Eric Eyre (born c. 1965) is an American journalist and investigative reporter, best known for winning the Pulitzer Prize in investigative reporting for exposing the opioid crisis in West Virginia. He was a statehouse reporter for the Charleston Gazette-Mail. He resigned his position in April 2020. He is also the author of the book, Death in Mud Lick: A Coal Country Fight Against the Drug Companies That Delivered the Opioid Epidemic.

== Career ==
Eyre graduated from Loyola University of New Orleans. He earned his master's degree in Mass Communication at the University of South Florida St. Petersburg. During his time at the university, Eyre worked as an intern at the St. Petersburg Times. Eyre has reported for The Anniston Star of Alabama, the Daily Times-Advocate of California, and the Pottstown Mercury of Pennsylvania.
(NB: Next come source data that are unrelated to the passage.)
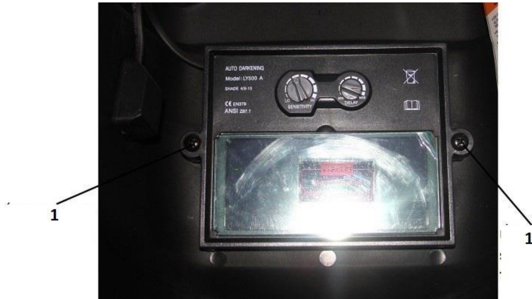
1. Szűrőkeret rögzítő csavar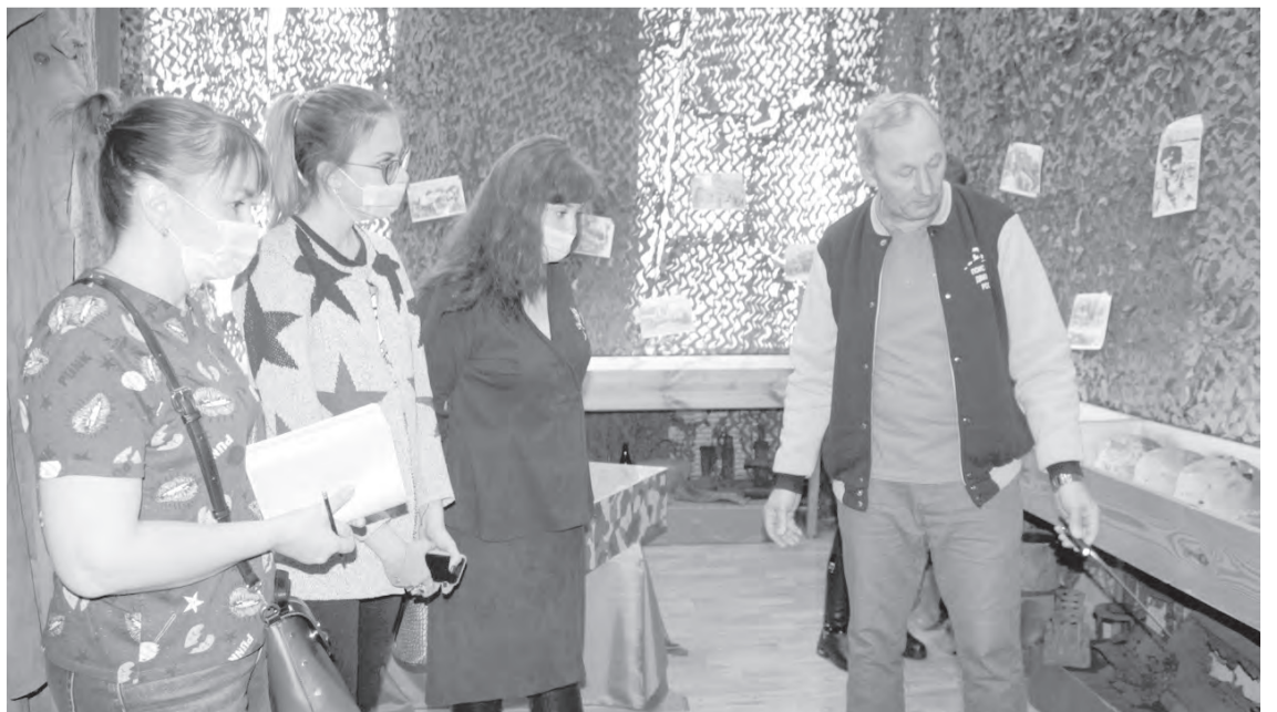
Первые посетители музея поискового движения по новому адресу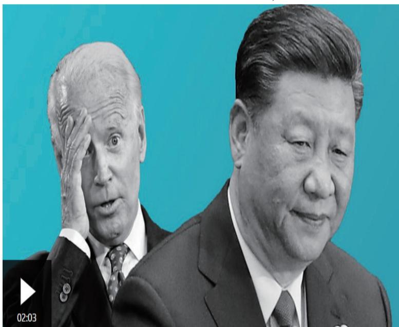
G20峰会：拜登与习近平会谈，将讨论台湾等议题并划出“红线”

会和中国国际进口博览会。以此次G20巴厘岛峰会为契机，印尼将深化与中国等友好国家合作，推动G20成员团结一致，坚持包容性和平等，解决共同问题，创造一个没有人掉队的更美好世界。(海外网陆宁远)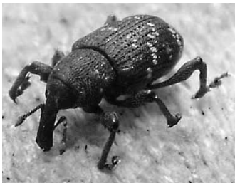
Der große braune Rüsselkäfer

Der Käfer bevorzugt zum Brüten frische Nadelholz Wurzelstöcke. Er legt seine Eier in die frische Rinde der Stöcke. Von dort ausgehend befällt der Käfer insbesondere junge Nadelholzpflanzen und benagt v.a. bodennah die Rinde dieser kleinen Bäume. Hierdurch wird der Saftstrom gestört oder unterbrochen. Dies führt zu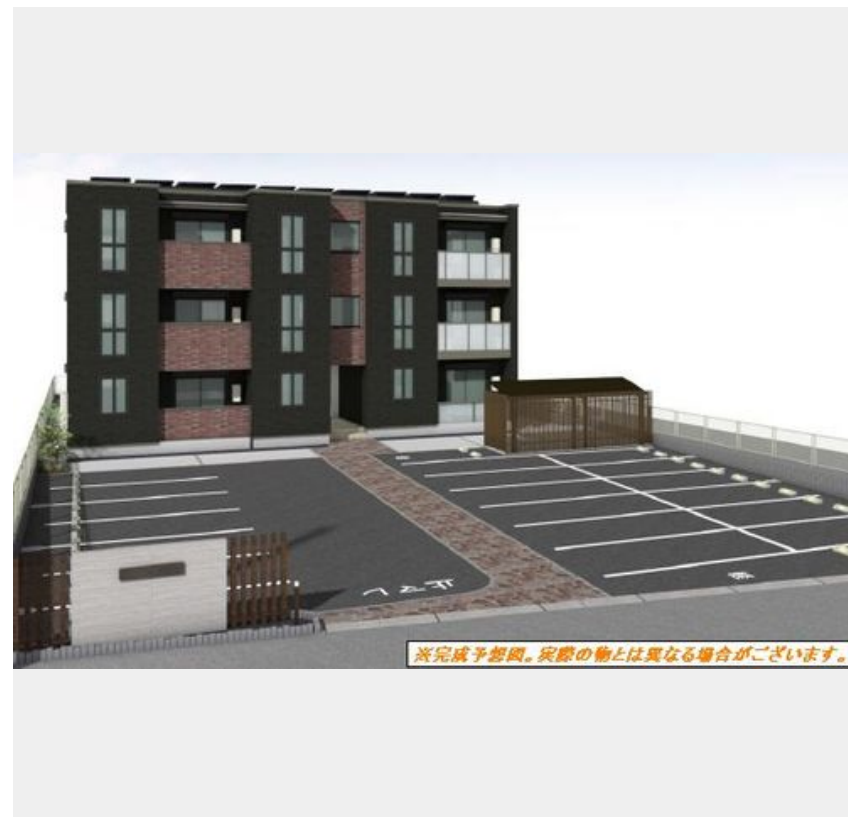
※完成予想図。実際の物とは異なる場合がございます。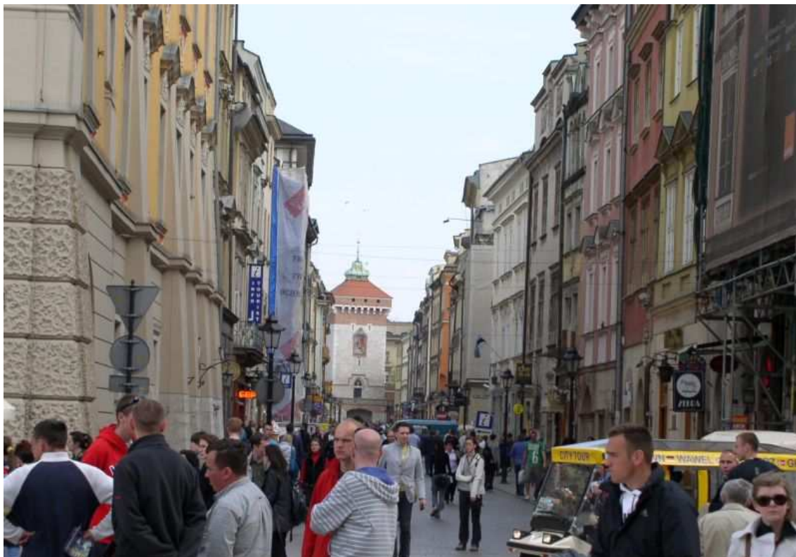
Fot. nr 47 (47-48). Wzdłuż ulicy Floriańskiej – widoki od strony Ryunku Głównego. 17.04.09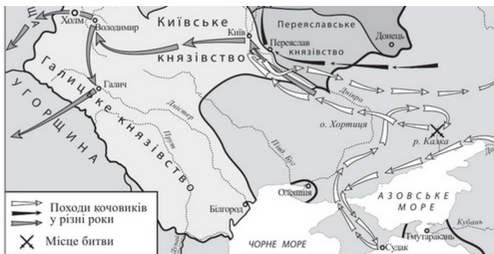
Рис. 1. Карта №1. Примітка. Джерело: [1]. (Повний опис джерела див. у розділі “Методика”).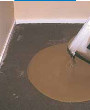
Aplicarea de Novoplan 21 pe substrat

Indicatiile si prescriptiile de mai sus, desi corespund celei mai bune experiente a noastre se vor considera, in orice caz, cu caracter pur orientativ si vor trebui sa fie confirmate de aplicatii practice care inlatura orice indoiala; de aceea, inainte de a adopta produsul, cel care intentioneaza sa-l foloseasca trebuie sa stabileasca el insusi daca produsul este sau nu adecvat utilizarii avute in vedere, si oricum sa-si asume intreaga raspundere ce poate deriva din folosirea lui.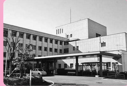
共立蒲原総合病院の外観

介護老人保健施設「芙蓉の丘」を併設し、訪問看護ステーションも運営しています。予防医学にも力を入れており、健診バス6台で地域の企業健診にも積極的に対応しています。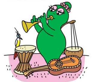
elle joue de la flûte

Barbalala aime la musique. Elle joue de tous les instruments. Elle aime aussi la botanique et l'écologie, comme Barbidou. Elle est très calme et très gentille.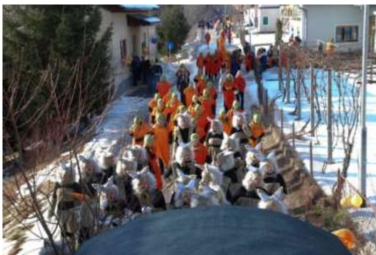
Slika 57: Zajčki in korenčki na povorki.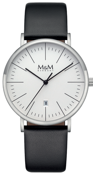
Referenz: M11970-422 Größe: Ø 40 mm Uhrwerk: Quarz Gehäuse: Edelstahl, matt Band: Leder, schwarz Zifferblatt: silber Wasserdicht 3 ATM UVP: 149,00 Euro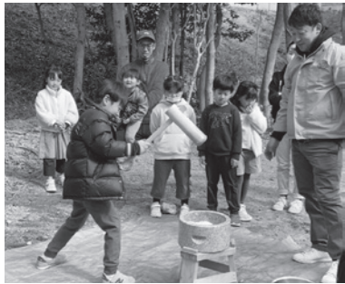
子どもたちも頑張りました

ル」の導入に向けて鋭意準備を進めています。 配布されたグッズを付けて、いつものように犬の散歩をするだけでOKです。特に特別な行動などは必要ありません。私自身が委員として参加している学校運営協議会による財源確保も見込まれ、少しずつではありますが、実現に向けて進んでいます。今年度中にはこれをスタートさせ、保護者だけではなく、地域として子どもたちを見守り、今まで以上に子育てしやすい街へとつながっていかれると思います。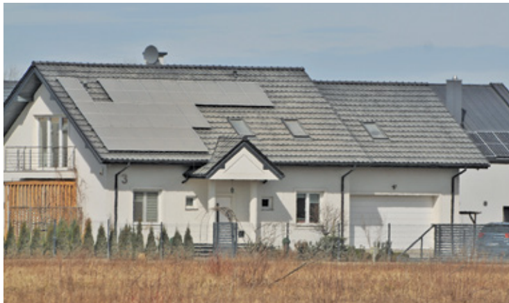
Zakurzone elewacje, okna czy panele fotowoltaiczne martwią mieszkańców mniej niż oddziaływanie pyłu na ich zdrowie

Kolejne utwardzenie ulic Gogolińskiej i Kormoranów w Zgorzale wywołało kolejną lawinę złości wśród mieszkańców sąsiadujących z nimi osiedli. Gmina ponownie rozkłada ręce i tłumaczy, że drogi są gruntowe, a pogoda bezdeszczowa i... blokuje mieszkańcom możliwość komentowania.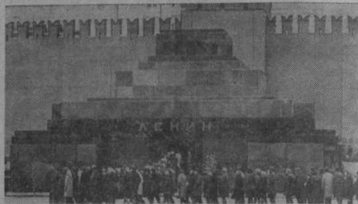
Москва. Красная площадь. У Мавзолея В. И. Ленина.

Прицепной инвентарь должен был быть отремонтирован к 1 января 1981 года. Как и планировалось, эта работа была выполнена вовремя. Иначе обстояло дело с зерноуборочными комбайнами. В четвертом квартале минувшего года не было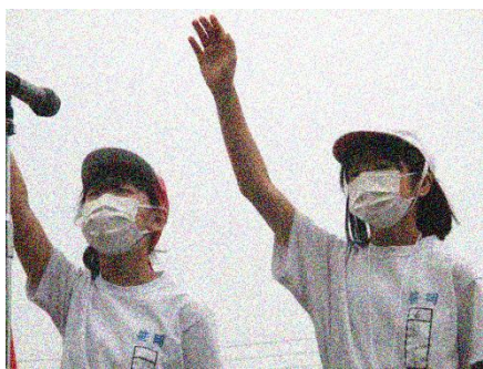
開会式・選手宣誓

In 1998 Eyre began covering education, health, and business at the Charleston Gazette, now the Charleston Gazette-Mail. The Gazette-Mail is a daily morning newspaper in Charleston, West Virginia with a daily print circulation of around 37,000. Eyre worked at the Gazette-Mail until 2020, where he balanced his work as a full-time statehouse reporter and his pursuit of investigative projects spotlighting issues in the rural communities of West Virginia.

He also formerly worked at Mountain State Spotlight, where he was a co-founder and senior investigative reporter.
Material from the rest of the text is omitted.